Still

She's finally still. Not climbing out of her skin. Its been hours and hours of whimpering and clawing and flailing around the bed. We just gave her the smallest dose of morphine(I was told its the same size dose they give tiny babies) to see if it would help make her more comfortable without "snowing" her. It seems to have worked. She's still. Awake, but a little more comfortable. I can still hear her whimpering ever so lightly, but maybe she might be able to drift off to sleep.

Still I can't believe we are here. Not just here, but really here. I want to hang on to the hope that we could be out of here in a week or two, but there is no hope of that. I want to scream "we don't want this! We want our life back!", but honestly no one is listening who can make that happen. Screaming won't help. Crying? well I hope it does because I can't seem to stop. Ashley's 5th birthday will be spent here. In a hospital room. Without our family, no friends, no celebration. Wrapping my head around that one hasn't been easy. Birthdays are important in our family. I love to celebrate the day my children were born. I like it to be done big. Making a memory that the kids will never forget. This years party was so awesome. It really was. We worked so hard on it. If only...its not going to happen.
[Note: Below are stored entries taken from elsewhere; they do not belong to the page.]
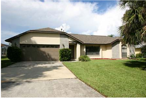
Indian Ridge, Kissimmee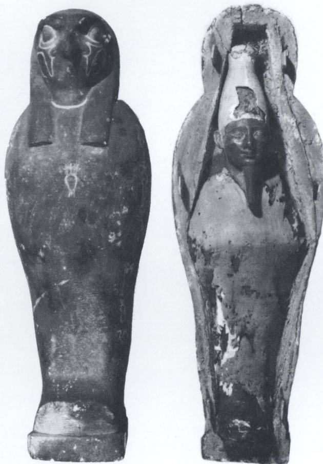
One of the most striking objects exhibited in "Death in Ancient Egypt" is this grain mummy of the god Osiris (right) in a wooden coffin with a falcon head (left), symbol of death and resurrection.

Various professional art, archaeological, and philological organizations will hold their annual meetings in the next few months. The Kelsey will be well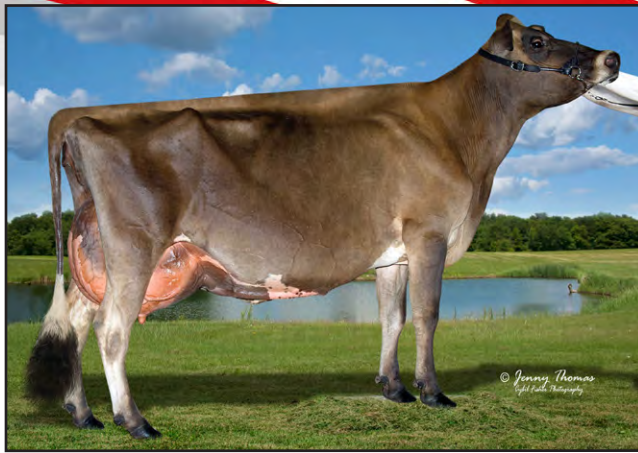
ARETHUSA GRAND VEANNA, E-93% Grandam of Lot 21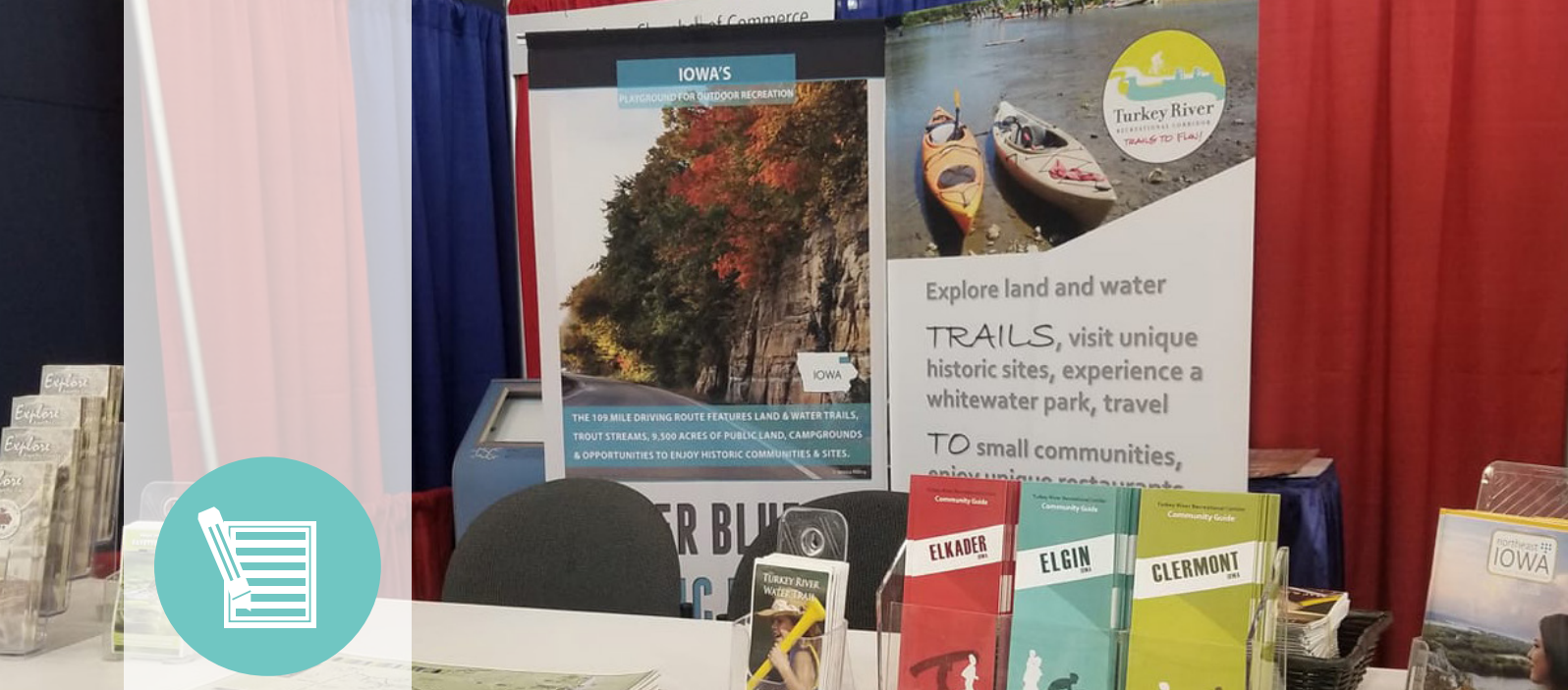
Iowa State Fair - Des Moines, Iowa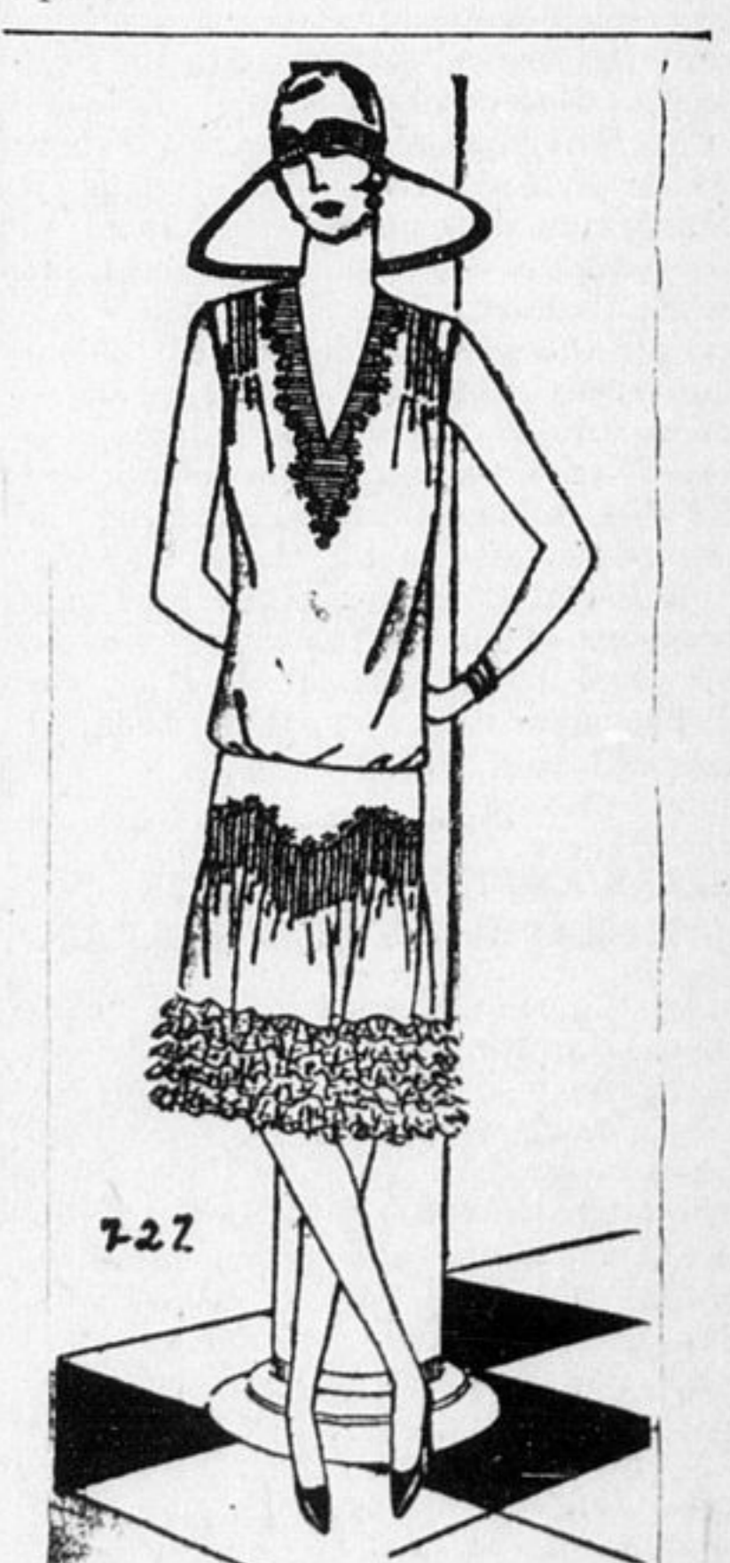
A Delightful Afternoon Frock of Voile.

The next regular meeting of the town council is scheduled for Monday afternoon, Aug. 22nd, commencing at 4 p.m.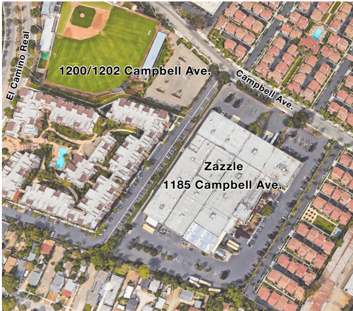
A pair of commercial properties—1200/1202 Campbell Avenue and 1185 Campbell Avenue have been purchased by SCU.

Santa Clara recently acquired a pair of properties off Campbell Avenue.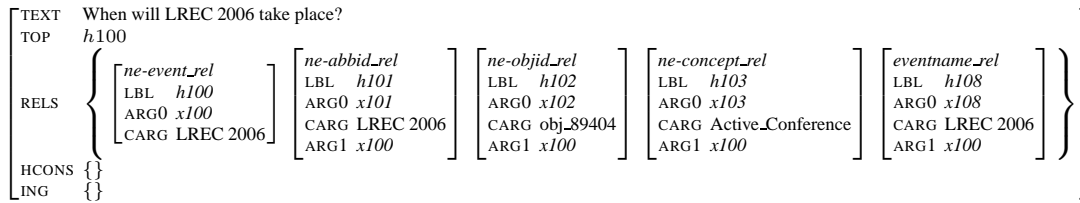
Figure 4: RMRS generated by SProUT with fine-grained named entity information.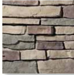
SOUTHEASTERN LEDGESTONE Crimson Mountain S6185-6

So I'm trying to adjust. Adjust to the lack of privacy. To the fact that their is no restroom for parents use in the unit. We have to be buzzed out of the unit and go down the hall to use a restroom. Try that at 3am! Not fun. Their is no laundry facility for the families either. Its all the way across the campus. Quite a hike with your basket. I usually try and do it in the middle of the night while Ashley sleeps. I run back and forth between loads. One of the nurses does help with my laundry on the days that she works. It is one of the biggest blessings I have ever received. Truly it is. My hope is for us to be moved out of the PICU tomorrow. Just because the rooms on the floor have a restroom and a shower in them. Not really, although that makes life much easier. Its because I have to figure out how to raise my daughter here for the next few weeks to months. We need a routine. A schedule. Dr G. told me she would make sure we got a walker in the room for Ash to practice using on the days she is strong. We will have a teacher come in and work with us so she doesn't lose all the skills she has gained. We are going to try and keep on living while here so that when we get home she won't have lost everything she's gained. I wish I could figure out how to get her Amtryke here. I know it would be the biggest encourager to get her going and active again.
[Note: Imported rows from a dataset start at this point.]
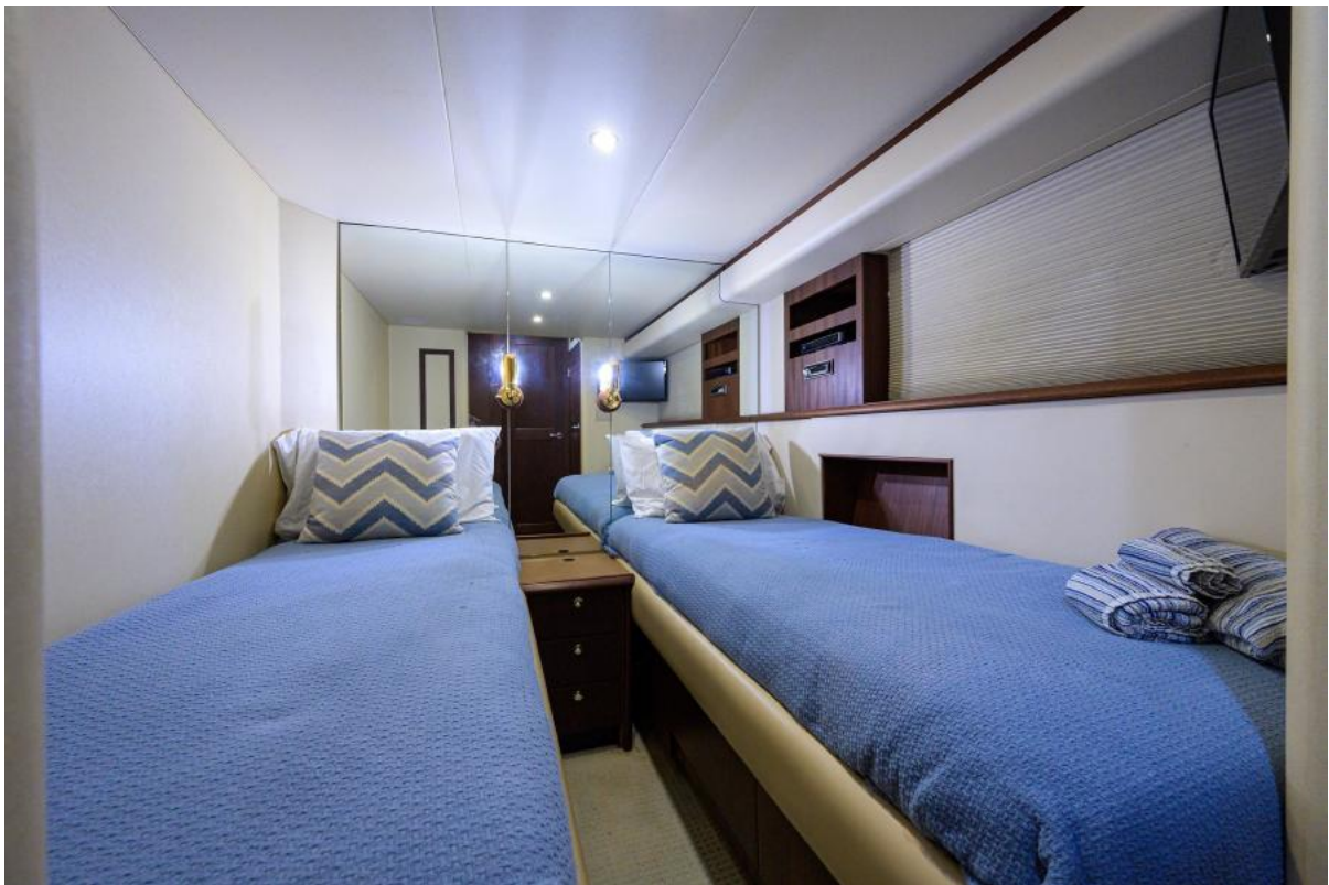
Pacific Mariner 65 Last Call - Port Twin Guest Stateroom 2009 Pacific Mariner 65 - Last Call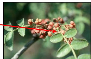
Toothache tree fruit and once-compound leaves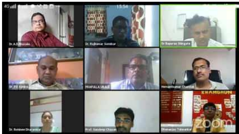
Screenshot 1: Faculties attending the workshop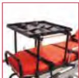
Instrument Tray No. 0832158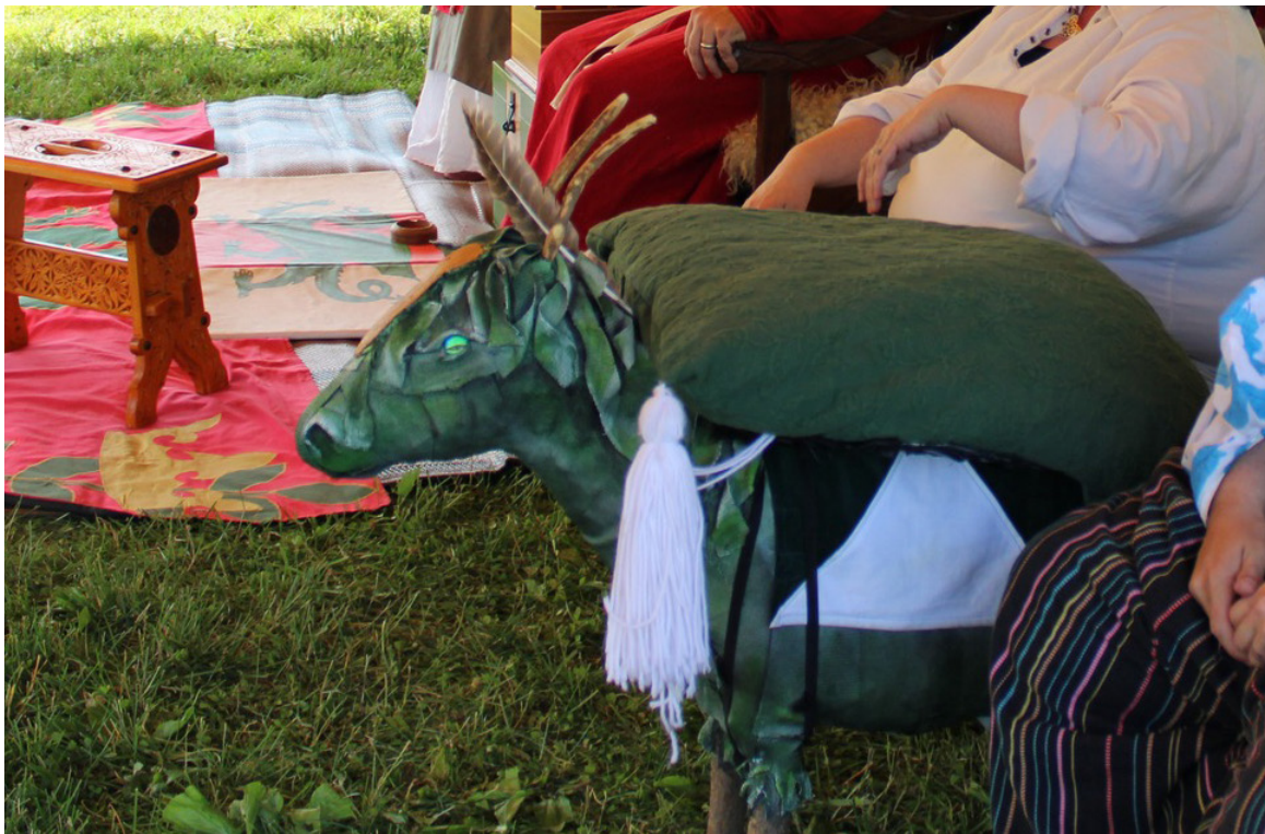
A picture tells a story - perhaps someone will share the tale of this green goat in court at Ragnarok Rampage? You never know what fun things are in store at a Midrealm event!

Each day and night its sinking in a little bit more. This isnt going to be easy for my girl. Its along road back. We really are here. Again.

I'm missing home. Missing my son. My daughter. Dave. Still...we have no choice but to do this. Again. I the two of us have what it takes to get through it all. I just keep looking at Ash and thinking if she can do this then I can too. After all I just stand here and cheer her on.